If you were a worker in a 19th century Indiana, this is what you might have been paid, a coupon known as a scrip. In remote areas such as mining towns and plantations, where currency was in short supply, tokens such as these were given to worker in lieu of cash. This was known as the tommy or truck system. The truck system was common in Britain in the 18th and 19th centuries. In his famous book Rural Rides, agriculturist and political reformer William Cobbett wrote of the system in operation in Wolverhampton and Shrewsbury. The tokens could only be reimbursed in co-operating businesses, typically owned by the company itself, and so the company were able to control how a worker spent his money. The truck system also allowed employers to recoup money spent on wages. However, in a physically and economically captive market, prices in the company store could be set at extortionate rates, and many workers ended up in debt to the very people they worked for.
Fast forward a century or two.
In January 2013 thinktank Demos suggested issuing benefit payments on disposable pre-paid cards. This came on the back of a bill introduced by Conservative MP Alex Shelbrooke in December that proposed a similar system, restricting the purchase of what he called NEDDs – non-essential, desirable and damaging products. Shelbrooke was quoted as saying: “Prohibiting the purchases of NEDD items such as cigarettes and alcohol, leaves more money for priority purchases on children.” Note that the honourable gentlemen hasn’t yet called for end to alcohol subsidies at the Commons bar.
This bill established the legal framework for restricted point-of-sale (RPOS) credit and debit cards.

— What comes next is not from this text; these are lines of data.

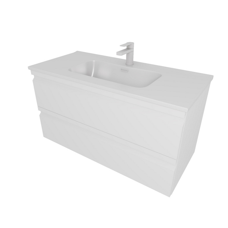 AQ77100-MW Комплект мебели:Тумба 100 см ВЕГА с раковиной AQ4100-00, 2 ящика,цвет белый мат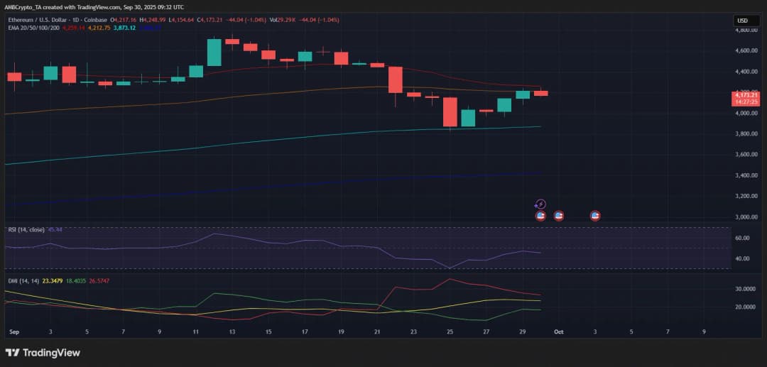 در زمان انتشار، اتریوم با قیمت ۴٬۱۷۳ دلار معامله میشد پس از یک حرکت برگشتی اندک از افت هفته گذشته. شاخص RSI در عدد ۴۵ باقی ماند و نشان میداد که ETH در محدوده خنثی قرار دارد. در همین حال، DMI نشان داد که شتاب نزولی در حال کاهش است و خط –DI شروع به صاف شدن در برابر +DI کرده است.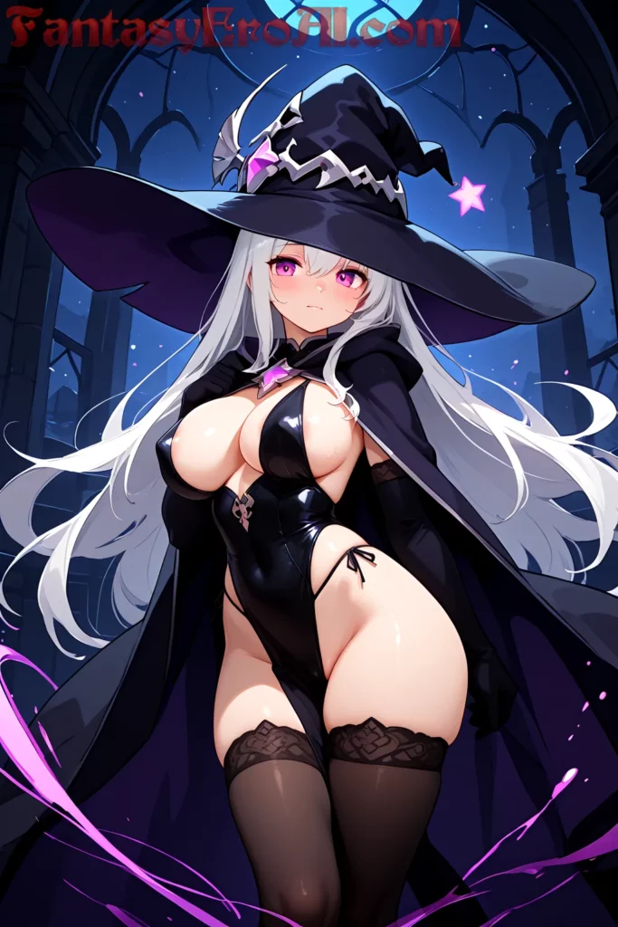 La guerrera bruja batalla en castillo de sombras encantadas, arte erótico fantasía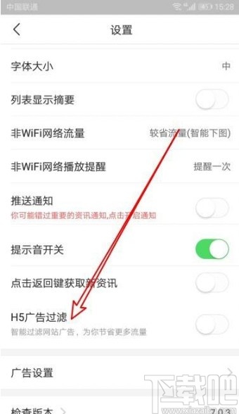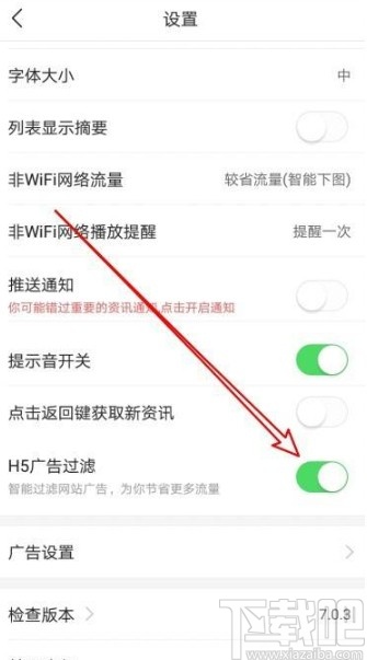 4.进入到应用的系统设置界面之后我们就可以看到有“H5广告过滤”这个选项了,找到这个选项之后点击它右边的开关打开这个功能。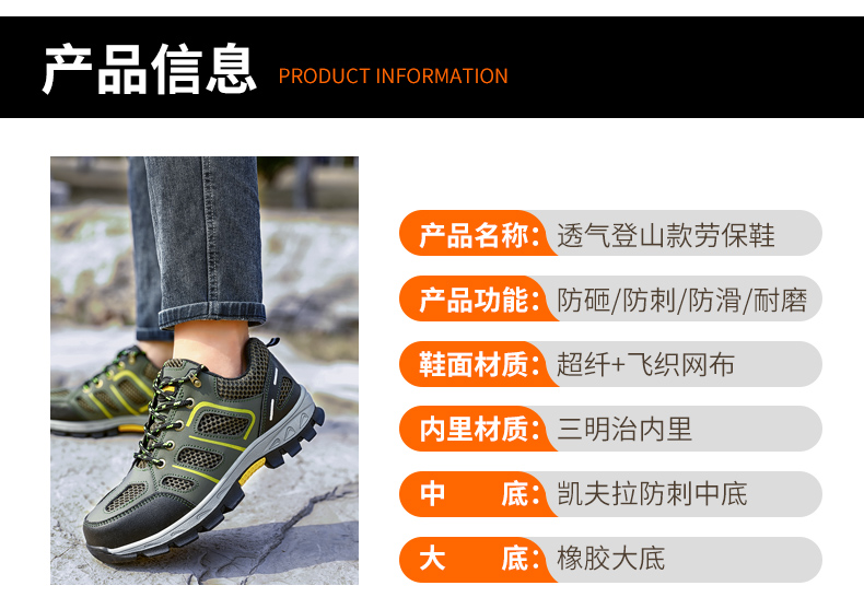 夏季款劳保鞋钢包头防砸防刺穿透气工作鞋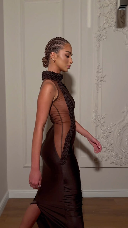 Braided Mesh Insert Maxi Dress Brown HV2644

Employers worked with banks to develop inflexible payment systems that pivoted on these so-called RPOS cards. The mantra that the economic collapse had stemmed from reckless borrowing by lower classes did little to discourage the development of RPOS cards, which were presented by the banking industry as tightening its lending practices.
The new system was spearheaded in organisations whose employees possessed weak bargaining rights – typically migrant workers employed by licensed gangmasters, which of course is still very much legal in the UK. The cards gave the gangmasters greater control over their workers, prevented elopement and compelled them to remain working even in unfavourable conditions. This arrangement suited the Government of the time, because it meant that migrant workers could not save money to secure a foothold in the country. Their movement and purchases were restricted, and if employment was terminated they would be forced to return home. Naturally, the employees felt that the new system was akin to slavery – though a more precise definition would be that Cobbett’s truck system had re-emerged. Because the RPOS cards were primarily issued to marginalised groups – poor, uneducated, foreign born, and with little voice – their plight went largely unreported in the media.
However, market forces could not be so easily be controlled. The restrictions imposed by the RPOS cards immediately fuelled the growth of a grey economy, where these modern-day scrips were bartered for goods under various arrangements. Disposable welfare cards would be sold for cash and then reported lost, so that the authorities issued a replacement. Some individuals would lose up to ten cards a year. In response, anyone who lost too many cards was audited, and welfare officers also studied usage of suspect cards to detect when and where transactions had taken place, effectively placing the finances of all welfare recipients under surveillance.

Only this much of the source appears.